As filed with the Securities and Exchange Commission on June 2, 2000
                                                            Registration No. ___


                       SECURITIES AND EXCHANGE COMMISSION
                             Washington, D.C. 20549

                                   ----------

                                    FORM S-8
                             REGISTRATION STATEMENT
                        Under The Securities Act of 1933

                                   ----------

                           Global MAINTECH Corporation
             (Exact name of registrant as specified in its charter)

Minnesota                                  41-1523657
(State or other jurisdiction of            (I.R.S. Employer
incorporation or organization)             Identification No.)

                             7578 Market Place Drive
                             Eden Prairie, MN 55344
               (Address of principal executive offices) (Zip Code)

               Global MAINTECH Corporation 1999 Stock Option Plan
                            (Full title of the plan)

                                   Trent Wong
                           Global MAINTECH Corporation
                             7578 Market Place Drive
                             Eden Prairie, MN 55344
                     (Name and address of agent for service)

                                 (612) 944-0400
          (Telephone number, including area code, of agent for service)

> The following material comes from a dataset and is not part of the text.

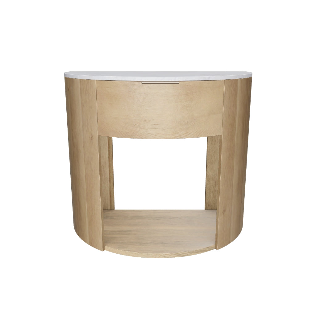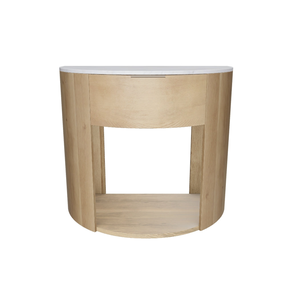 A stylish addition to any space, the Stella Nightstand showcases a stunning display of mixed materials. A smooth white marble table top contrasts beautifully with the rustic oak wood base and drawer. A bottom open shelf provides additional storage room. An antique brass iron handle finishes the design. As marble is a natural material, unique veining, pitting, fissures, micro-cracks and colour variations are all characteristics that add to the uniqueness and beauty of each piece. As wood is an organic, porous material, these pieces will contain natural variation of texture and may also exhibit fine indentations and cracks. Wood pieces will also display a disparity of colour and grain, and visible knots and burls that add to the character of each piece. Made in India. With refined craftsmanship, this design was brought to life by skilled local artisans. Due to the nature of handcraftsmanship, unique imperfections such as fissures, markings and variations in colour and shape are welcomed and appreciated characteristics for a truly one-of-a-kind piece.

                                   ----------

                         CALCULATION OF REGISTRATION FEE
<TABLE>
<CAPTION>
------------------------------------------------------------------------------------------------------------
Title of                                Proposed                  Proposed
securities        Amount                maximum offering          maximum aggregate         Amount of
being registered  to be registered(1)   price per share (2)       offering price (2)        registration fee
------------------------------------------------------------------------------------------------------------
<S>               <C>                   <C>                       <C>                       <C>
Common Stock
(no par value)    1,200,000 shares      $2.2812                   $2,737,440                $722.68
------------------------------------------------------------------------------------------------------------
</TABLE>

(1) Pursuant to rule 416(c) under the Securities Act of 1933, this registration
statement covers an indeterminate amount of interests to be offered or sold
pursuant to the employee benefit plan described herein. This registration
statement shall also cover any additional shares of common stock which shall
become issuable under the 1999 Stock Option Plan by reason of any stock
dividend, stock split, recapitalization or other similar transaction effected
without the receipt of consideration which results in an increase in the number
of the outstanding shares of the registrant's common stock.
(2) Estimated solely for the purpose of calculating the registration fee in
accordance with Rule 457 (h) and (c), based upon the average of the high and low
prices of the Global MAINTECH Corporation common stock, as reported on the Over
the Counter Bulletin Board on May 30, 2000.
<PAGE>

                                    PART II.
               INFORMATION REQUIRED IN THE REGISTRATION STATEMENT

Item 3.  Incorporation of Documents by Reference.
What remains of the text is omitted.